A conference management system is web-based software that supports the organization of conferences especially scientific conferences. It helps the program chair(s), the conference organizers, the authors and the reviewers in their respective activities.

A conference management system can be regarded as a domain-specific content management system. Similar systems are used today by editors of scientific journals such as EDAS.

Functionality

Software functionality is based around typical conference workflows. These vary in detail, but in broad terms they must include a submission phase (usually abstract submission but sometimes full papers), reviewing, decision making by the programme committee, building of the conference programme and publishing of the programme and the abstracts or papers (online, in print or on a CD-ROM or other digital medium).

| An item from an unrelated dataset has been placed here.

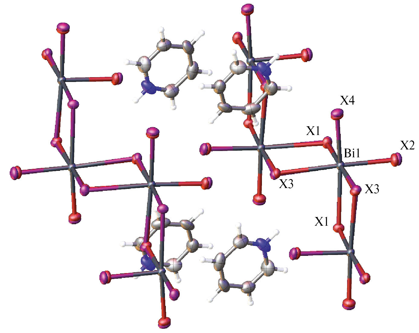 Рентгеноструктурный анализ (РСА). Экспериментальные данные для соединений I–V собраны на дифрактометре Bruker D8 Venture (λ(MoKα), графитовый монохроматор) [20]. Поглощение учтено полуэмпирическим методом по эквивалентам в программе SADABS [21] или TWINABS [22]. Структуры определены комбинацией прямого метода и синтезов Фурье. Величины заселенностей разупорядоченных атомов галогена получены при анизотропном уточнении структур с фиксированными тепловыми параметрами разупорядоченных атомов. Структуры уточнены полноматричным анизотропным МНК. Атомы водорода рассчитаны из геометрических соображений. Все расчеты выполнены по программам SHELXS и SHELXL [23]. Длины связей Bi–X (X = Br, I) приведены в табл. S2.

Abstract submission involves the authors in preparing their abstracts and sending them to the conference organisers through an online form, and is a relatively straightforward process. The abstracts are either uploaded as documents (typically Microsoft Word, PDF or LaTeX) or, where graphics and tables are not required, they may simply be entered into the form as plain text. The software will send out an email acknowledgement. Following the committee's decisions on which abstracts are to be accepted for the conference the submission software may also be used to collect full papers and PowerPoint presentations.

Online reviewing may be more complex as the process is frequently “blinded” or anonymised. Reviewers will have particular interests or specialisations which should be taken into account when assigning abstracts to them, and they may have conflicts of interest. Reviews must be independent, i.e.  reviewers should not be able to see other reviews before they have submitted their own. Abstract management software must provide for these options.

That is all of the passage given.